Records shown:

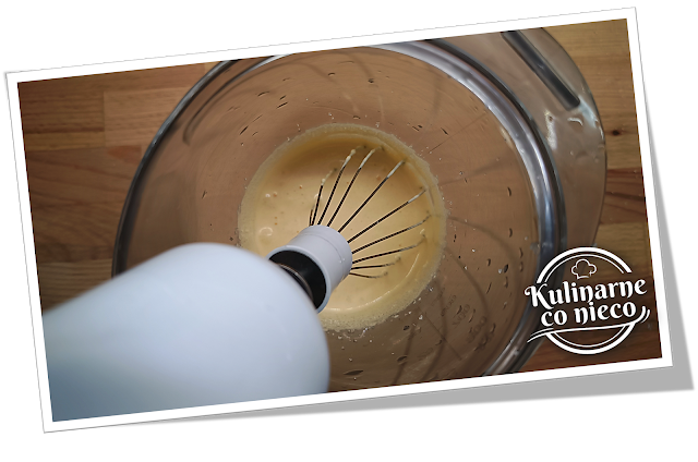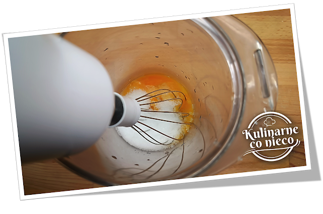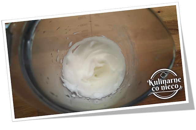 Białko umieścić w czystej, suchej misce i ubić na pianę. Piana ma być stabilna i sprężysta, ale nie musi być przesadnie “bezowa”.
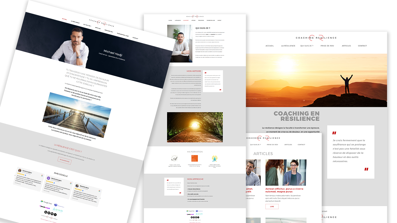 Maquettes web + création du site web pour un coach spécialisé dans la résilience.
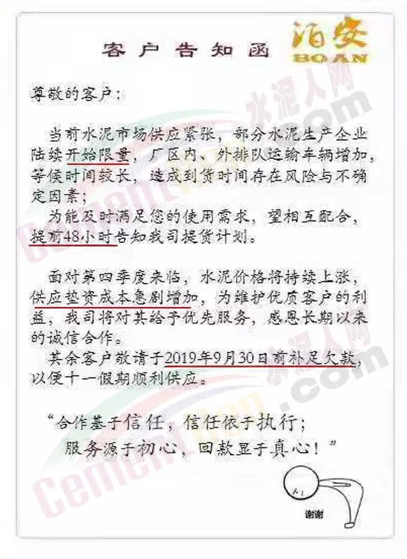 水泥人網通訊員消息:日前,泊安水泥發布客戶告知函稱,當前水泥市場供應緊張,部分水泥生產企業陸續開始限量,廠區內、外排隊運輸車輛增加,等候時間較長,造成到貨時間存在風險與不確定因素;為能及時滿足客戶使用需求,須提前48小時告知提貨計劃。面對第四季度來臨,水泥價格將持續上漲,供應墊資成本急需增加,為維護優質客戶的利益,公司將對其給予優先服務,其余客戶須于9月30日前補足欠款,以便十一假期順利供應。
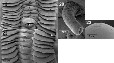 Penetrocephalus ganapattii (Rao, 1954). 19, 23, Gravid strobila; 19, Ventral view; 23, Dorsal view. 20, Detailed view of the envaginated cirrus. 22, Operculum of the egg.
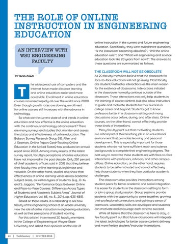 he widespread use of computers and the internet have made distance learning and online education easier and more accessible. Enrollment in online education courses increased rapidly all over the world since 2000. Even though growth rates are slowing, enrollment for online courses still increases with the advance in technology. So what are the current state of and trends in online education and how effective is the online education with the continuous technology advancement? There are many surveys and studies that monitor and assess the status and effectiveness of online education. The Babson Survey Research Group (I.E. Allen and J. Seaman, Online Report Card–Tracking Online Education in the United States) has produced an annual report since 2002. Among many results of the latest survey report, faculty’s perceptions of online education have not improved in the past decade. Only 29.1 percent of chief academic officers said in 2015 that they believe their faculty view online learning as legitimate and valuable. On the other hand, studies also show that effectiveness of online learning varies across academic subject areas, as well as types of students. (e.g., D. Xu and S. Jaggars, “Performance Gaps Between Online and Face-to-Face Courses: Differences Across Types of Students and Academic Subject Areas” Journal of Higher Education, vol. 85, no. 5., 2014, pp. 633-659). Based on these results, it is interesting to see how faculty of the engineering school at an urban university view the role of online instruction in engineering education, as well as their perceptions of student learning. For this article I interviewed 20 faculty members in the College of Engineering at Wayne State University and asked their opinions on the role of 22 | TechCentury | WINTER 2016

Activity: All entries must be output unchanged, with every picture omitted.

Result of the exercise:
 Białko umieścić w czystej, suchej misce i ubić na pianę. Piana ma być stabilna i sprężysta, ale nie musi być przesadnie “bezowa”.
 Maquettes web + création du site web pour un coach spécialisé dans la résilience.
 水泥人網通訊員消息:日前,泊安水泥發布客戶告知函稱,當前水泥市場供應緊張,部分水泥生產企業陸續開始限量,廠區內、外排隊運輸車輛增加,等候時間較長,造成到貨時間存在風險與不確定因素;為能及時滿足客戶使用需求,須提前48小時告知提貨計劃。面對第四季度來臨,水泥價格將持續上漲,供應墊資成本急需增加,為維護優質客戶的利益,公司將對其給予優先服務,其余客戶須于9月30日前補足欠款,以便十一假期順利供應。
 Penetrocephalus ganapattii (Rao, 1954). 19, 23, Gravid strobila; 19, Ventral view; 23, Dorsal view. 20, Detailed view of the envaginated cirrus. 22, Operculum of the egg.
 he widespread use of computers and the internet have made distance learning and online education easier and more accessible. Enrollment in online education courses increased rapidly all over the world since 2000. Even though growth rates are slowing, enrollment for online courses still increases with the advance in technology. So what are the current state of and trends in online education and how effective is the online education with the continuous technology advancement? There are many surveys and studies that monitor and assess the status and effectiveness of online education. The Babson Survey Research Group (I.E. Allen and J. Seaman, Online Report Card–Tracking Online Education in the United States) has produced an annual report since 2002. Among many results of the latest survey report, faculty’s perceptions of online education have not improved in the past decade. Only 29.1 percent of chief academic officers said in 2015 that they believe their faculty view online learning as legitimate and valuable. On the other hand, studies also show that effectiveness of online learning varies across academic subject areas, as well as types of students. (e.g., D. Xu and S. Jaggars, “Performance Gaps Between Online and Face-to-Face Courses: Differences Across Types of Students and Academic Subject Areas” Journal of Higher Education, vol. 85, no. 5., 2014, pp. 633-659). Based on these results, it is interesting to see how faculty of the engineering school at an urban university view the role of online instruction in engineering education, as well as their perceptions of student learning. For this article I interviewed 20 faculty members in the College of Engineering at Wayne State University and asked their opinions on the role of 22 | TechCentury | WINTER 2016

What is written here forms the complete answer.